WHAT IS REQUIRED ::
Take the lines from the beginning of the material through the line containing "ソフトクリームの大きさを比べ" and retype them exactly, leaving the pictures out.

DATA SEGMENT ::
━━━
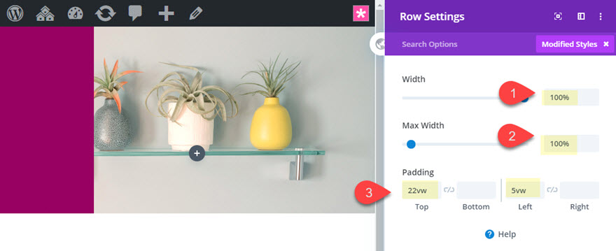 Necesitamos hacer algo de espacio para el texto que se agregará, así que continúe y haga que la fila sea de ancho completo abriendo la configuración de la fila y actualizando lo siguiente:
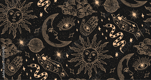 Canvas Prints seamless pattern with magical elements. set of linear vector illustrations. celestial illustrations
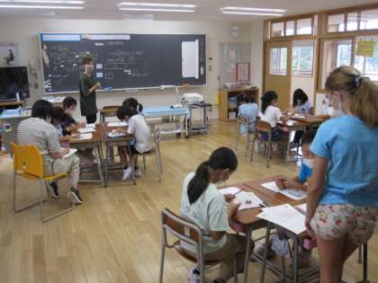 ソフトクリームの大きさを比べるにあたって、ペアで話し合ったり、グループ内で説明したり、みんなで考えたりと対話的な授業づくりを通して、主体的・協動的に学ぶ児童の育成について研修しました。
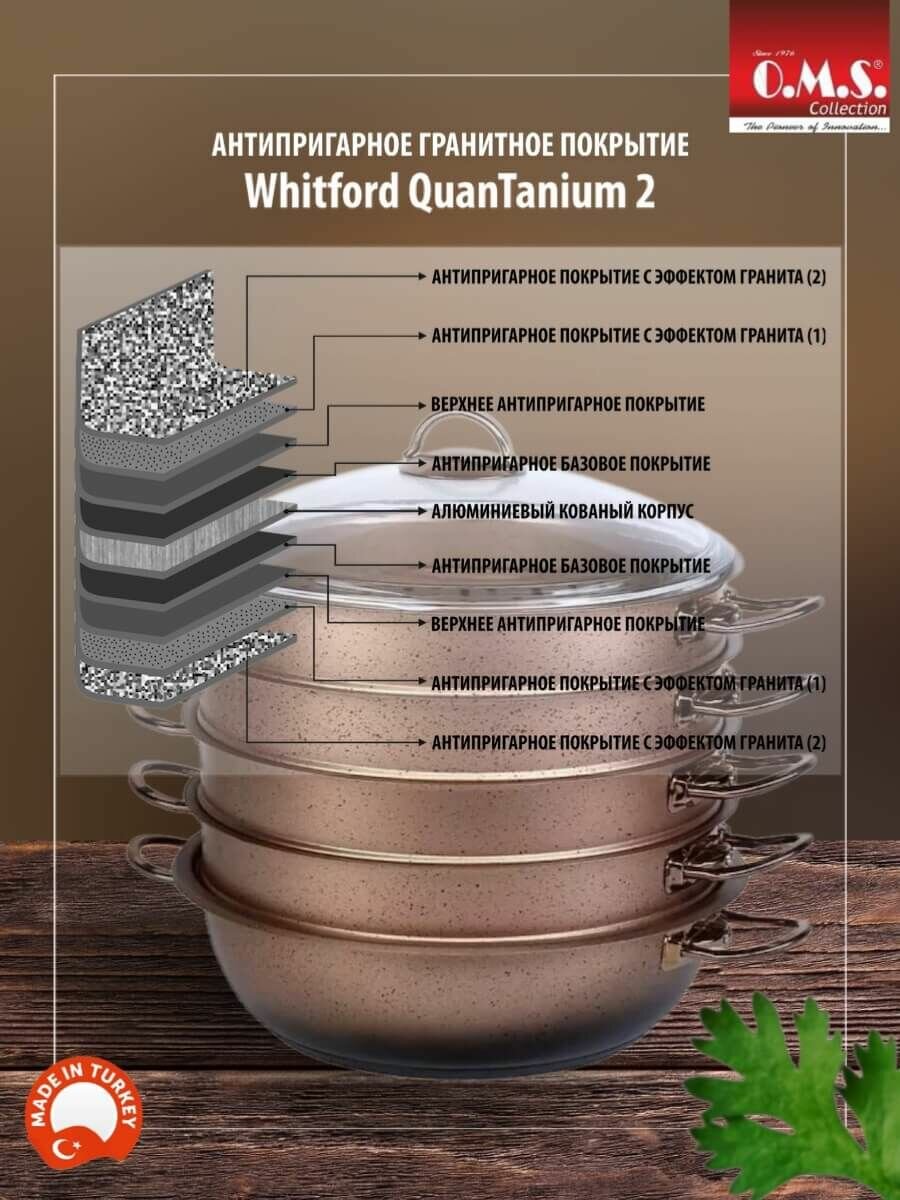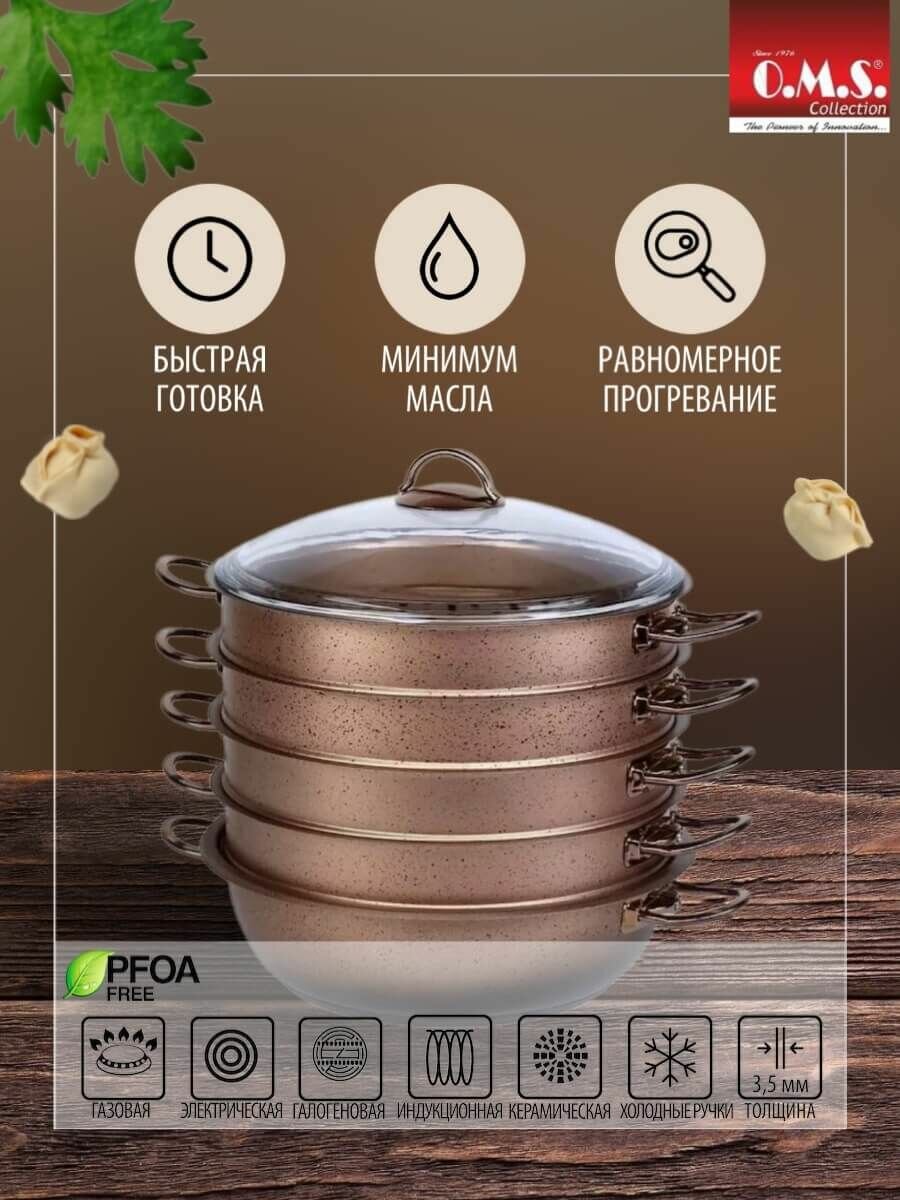 Мантоварка алюминиевая O.M.S. Collection, пароварка, имеет 4 яруса и диаметр 30 см. Она идеально подходит для приготовления мантов, пельменей, паровых булочек и других блюд, которые требуют паровой обработки. Мантница оснащена четырьмя паровыми корзинами идентичной высоты. Вы можете использовать их одновременно, либо по отдельности в том количестве, которое необходимо Вам. Нижняя чаша-кастрюля может использоваться отдельно от секций, для приготовления плова, рагу и других блюд, что делает мантоварку универсальным предметом Вашей кухни. Мантышница подходит для использования на всех типах плит: газовые, электрические, комбинированные, галогеновые, стеклокерамические, индукционные.
━━━
RESULT ::
 Necesitamos hacer algo de espacio para el texto que se agregará, así que continúe y haga que la fila sea de ancho completo abriendo la configuración de la fila y actualizando lo siguiente:
 Canvas Prints seamless pattern with magical elements. set of linear vector illustrations. celestial illustrations
 ソフトクリームの大きさを比べるにあたって、ペアで話し合ったり、グループ内で説明したり、みんなで考えたりと対話的な授業づくりを通して、主体的・協動的に学ぶ児童の育成について研修しました。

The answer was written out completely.